In spite of both theorecital and empirical evidence to the contrary, it is often assumed that grades are or should be normally distributed. This has important implications for how we understand and analyze these data-points within learning analytics. In this blog posts I will take a look at some of the theoretical assumtions surrounding the normal distribution and how it applies to grading data, and offer some proposals on what to do when these assumptions are not met.
The normal distribution (AKA Gaussian or LaPlace-Gauss distribution) is defined by two parameters its mean (\(\mu\)) and variance (\(\sigma^2\)). The normal distribution is further a continuous distribution and its limits are -\(\infty\) to \(\infty\).
We can already see that there are some problems with this relating to grade data. Firstly, grades are not given on a continuous scale. Letter-grades are typically gives as say A+, A and A- etcetera, and even in locations where number grades are common, one rarely sees decimal expansions beyond a tick of one half-grade, e.g. 9.5/10 and so on. So grades are given on a discrete scale of some sort. Secondly, grades are limited to a maximum grade and minimum grade, it is clearly not possible to receive a negative grade.
Why Does It Matter?
A lot of techniques used for modeling data and conducting inferential analyses are based on the assumtion that the data under analysis follow a normal distributions. Well knows methods such as linear regression, the z-test and Student’s T-Test all rely on this assumption.
A Practical Example
The data below are final grades from two different sections (Group A and Group B) of the same course. The researcher has experimented with different courseware for each of the section and wants to know if the courseware made a difference. The grades are assigned on scale from zero to ten. Let’s take a look at how these data can be analyzed.

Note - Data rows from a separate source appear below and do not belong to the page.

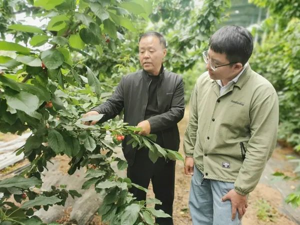 5月10日,在位于陕西省渭南市合阳县金峪镇方寨社区的樱桃园里,我校派驻合阳第10批研究生助力团成员侯宇翔正与社区党总支书记陈银榜一起查看樱桃生长情况。“再过几天,方寨樱桃就要集中上市。最近我每天都要过来看看,心里才会踏实些。”侯宇翔说。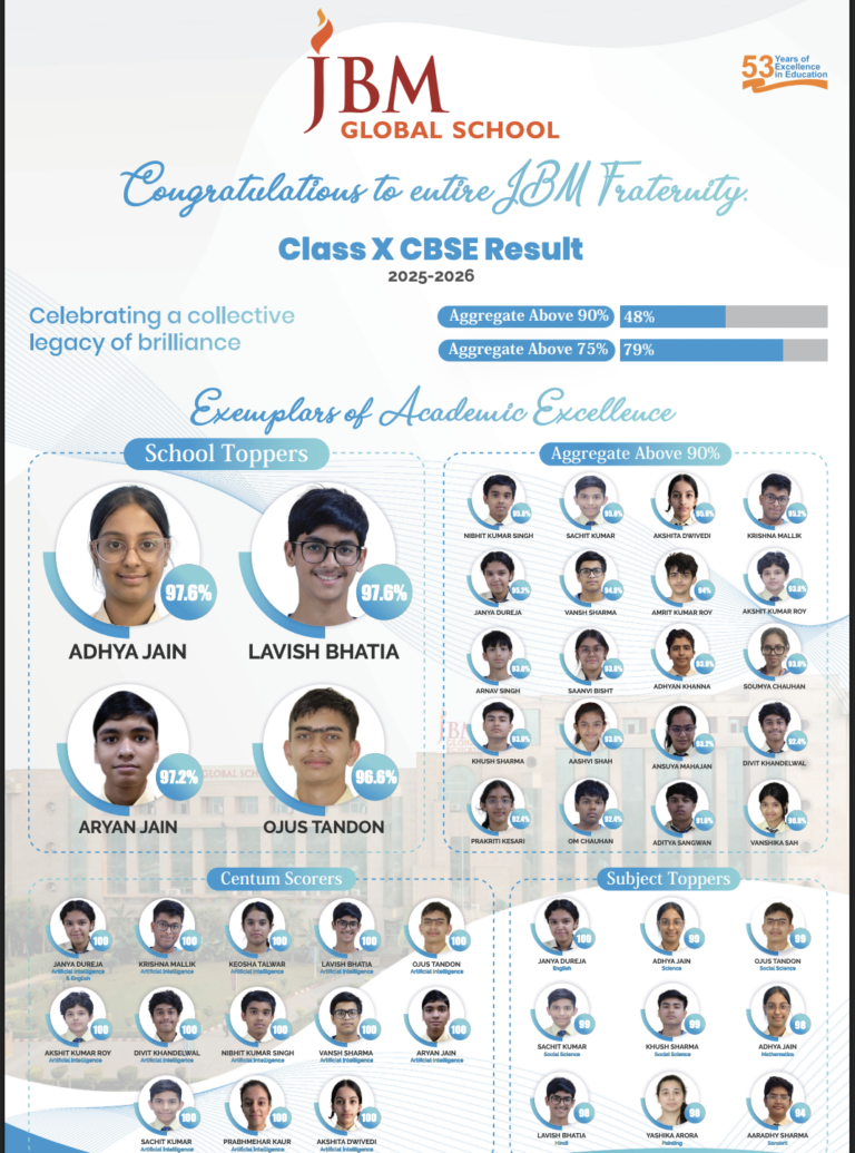 JBM Global is one of the best CBSE schools in Noida that nurtures the core trait of punctuality in students & empowers them to lead disciplined, successful, and respectful lives. We know that cultivating punctuality is a lifelong skill which helps students flourish and thrive in a world that values discipline, respect, and excellence. Thus, helps students have a bright future with punctuality at the core.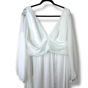 Lulus Bridal NWOT Enchant My Love White V-Neck Sheer Long Sleeve Maxi Dress XXL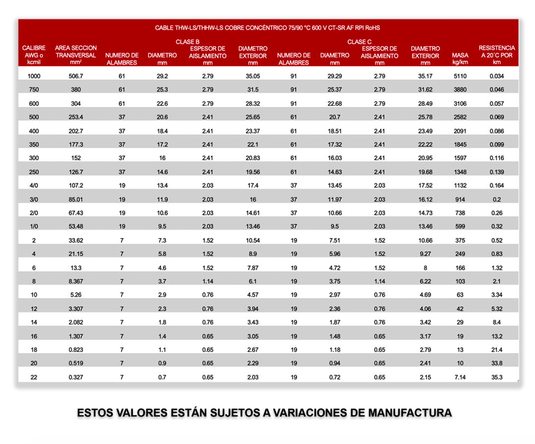 Conductor de cobre suave cableado concéntrico de Cobre electrolítico, 99.9% de pureza, con grandes propiedades mecánicas y eléctricas, con aislamiento termoplástico de Policloruro de Vinilo PVC-LS, con propiedades anti-flama, baja emisión de humos.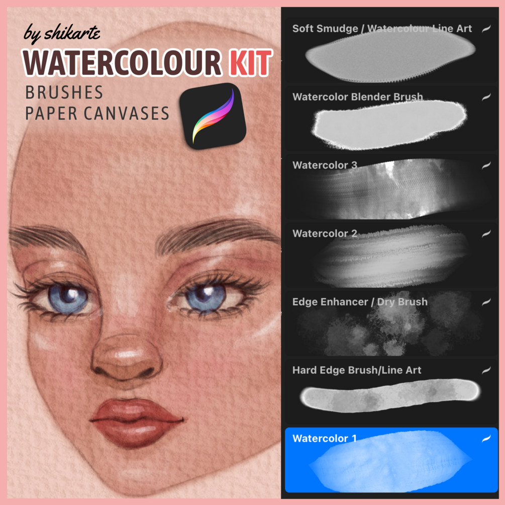 Procreate Watercolor Kit: Brushes+Paper Canvases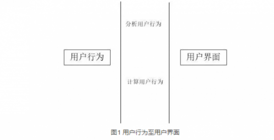 关于这个问题,Clark是这么理解的:在设计APP界面时,设计师需要充分了解目标用户的自然行为,并按照最符合目标用户原有习惯的方式进行设计;Clark这句话其实涉及到用户行为(Behavior)至用户界面(UI)的两个过程:分析用户行为(充分了解用户行为)、计算用户行为,并将计算结果体现到用户界面上(按照最符合目标用户原有习惯进行设计)见图1。
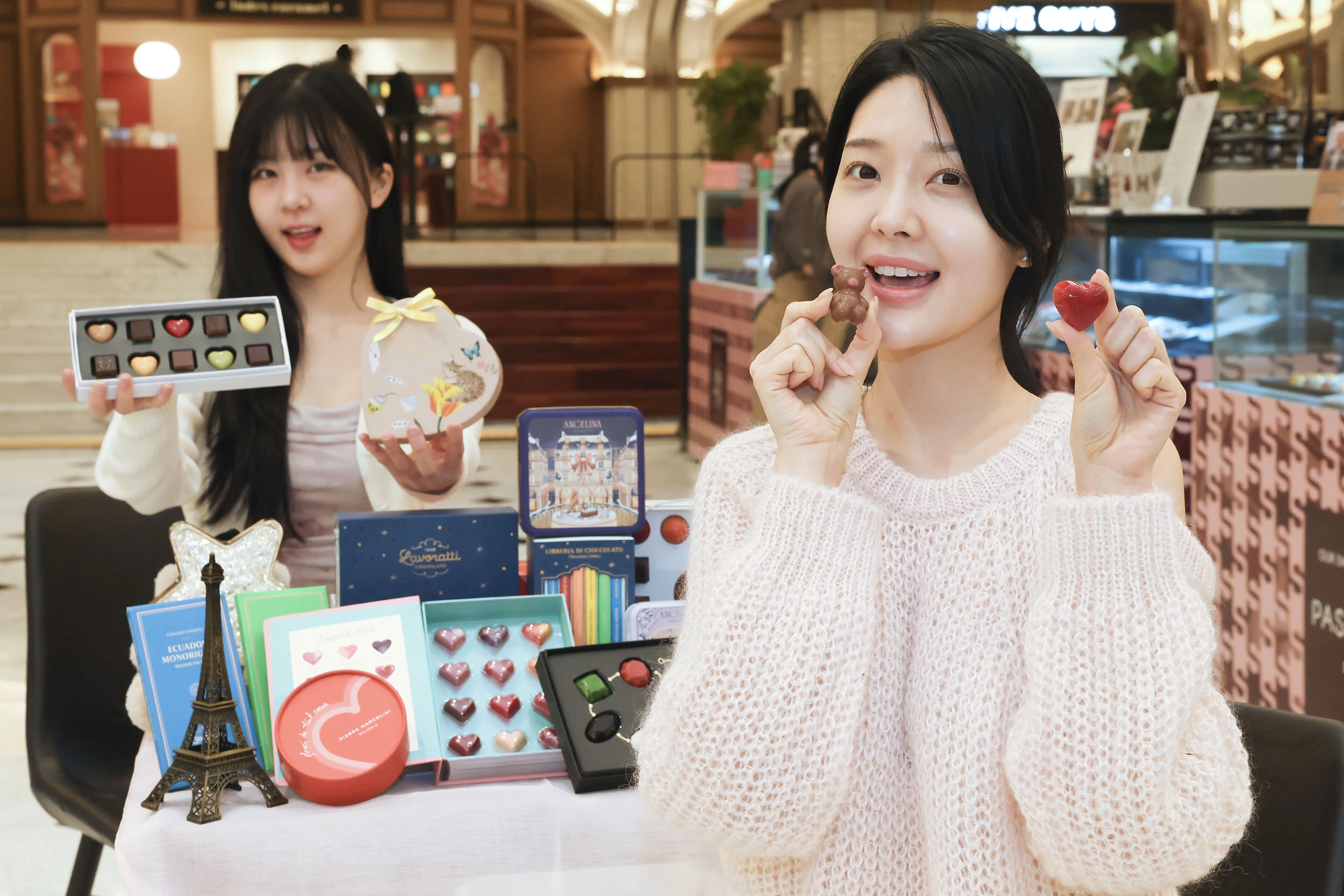 신세계백화점 모델들이 11일 서울 서초구 신세계백화점 강남점 지하 1층 스위트파크에서 초콜릿 선물세트를 선보이고 있다. 신세계백화점은 밸런타인데이를 맞아 이날부터 14일까지 다양한 초콜릿 디저트를 판매한다. 신세계백화점 제공

Group.A <- c(7.5, 10, 7.5, 8, 10, 4, 4, 6, 8, 4, 4, 8, 9, 4, 5, 6, 5, 9, 4, 5, 4, 7, 5, 4, 4, 4, 9, 6, 4) Group.B <- c(5, 5.5, 9, 9, 9, 7, 4, 6, 6, 6, 8.5, 8, 10, 5.5, 10, 2, 9, 5, 9, 7.5, 9, 9, 10, 10, 7, 4, 7, 4, 5, 6, 6, 10, 5, 9, 4)

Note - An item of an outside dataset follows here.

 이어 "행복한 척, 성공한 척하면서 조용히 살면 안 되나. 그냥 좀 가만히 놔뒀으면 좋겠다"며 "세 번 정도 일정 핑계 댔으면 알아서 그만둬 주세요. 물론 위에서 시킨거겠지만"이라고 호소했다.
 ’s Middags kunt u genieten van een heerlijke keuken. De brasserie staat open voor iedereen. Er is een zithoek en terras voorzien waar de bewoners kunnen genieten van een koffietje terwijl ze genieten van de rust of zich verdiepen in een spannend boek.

The Fast and Furious Approach
##  6.034483
##  7.028571
We see that there is a difference of about one point between the two groups, i.e. about 10%. Now we would like to know if the difference is statistically significant, i.e. if we can reasonably conclude that the difference is not due to just random variation. The go-to technique for this case is Student’s t-test.
## ## Welch Two Sample t-test ## ## data: Group.A and Group.B ## t = -1.8346, df = 60.781, p-value = 0.07145 ## alternative hypothesis: true difference in means is not equal to 0 ## 95 percent confidence interval: ## -2.07765141 0.08947407 ## sample estimates: ## mean of x mean of y ## 6.034483 7.028571
We see that while there is a difference in the mean between the two groups it does not reach the level of statistical significance, typically defined as an alpha-level of .05.
Tough luck! We’ll try again next semester…
The Rigorous Approach
Always visualize! It is typically a good idea to visualize the data we’re analyzing to get a sense for its structure and shape. This will also, incidentally, aid in the detection of outliers, data-entry mistakes and other problems in the data that we would want to deal with before proceeding with the analysis. Here we plot the density of each of the groups using R and ggplot:
By looking at this plot we may start to suspect that our samples are not normally distributed. There are some statistical tests that can be used to formally test this. One of them is the Shapiro-Wilk Test.
This techique tests the null-hypothesis of a normal distribution and calculates a corresponding p-level. It is often recommended to use an alpha-level of .1 when applying this test, to err on the side of caution. It is convenienty available in R:
## ## Shapiro-Wilk normality test ## ## data: Group.A ## W = 0.8444, p-value = 0.0005847
## ## Shapiro-Wilk normality test ## ## data: Group.B ## W = 0.92425, p-value = 0.01894
We see that neither of the two groups conforms to a normal distribution, so the using a t-test is actually not appropriate. Luckily we have a non-parametric alternative, the Wilcox Rank Sum Test. This test is also conveniently available in R.
## ## Wilcoxon rank sum test with continuity correction ## ## data: Group.A and Group.B ## W = 362.5, p-value = 0.04859 ## alternative hypothesis: true location shift is not equal to 0
We have a p-value below our selected alpha-level of .05, and can therefore reject the null-hypothesis of no real difference between the two groups.
Not testing for the assumption of normality can lead to undesired consequences for inferential analysis. In the example above, we see that the vanilla t-test fails to reject our null-hypothesis, however, its non-parametric counterpart succeeds. By adopting a somewhat more rigorous approach we were able to select the correct statistical test and uncover patterns in our data that the parametric test could not.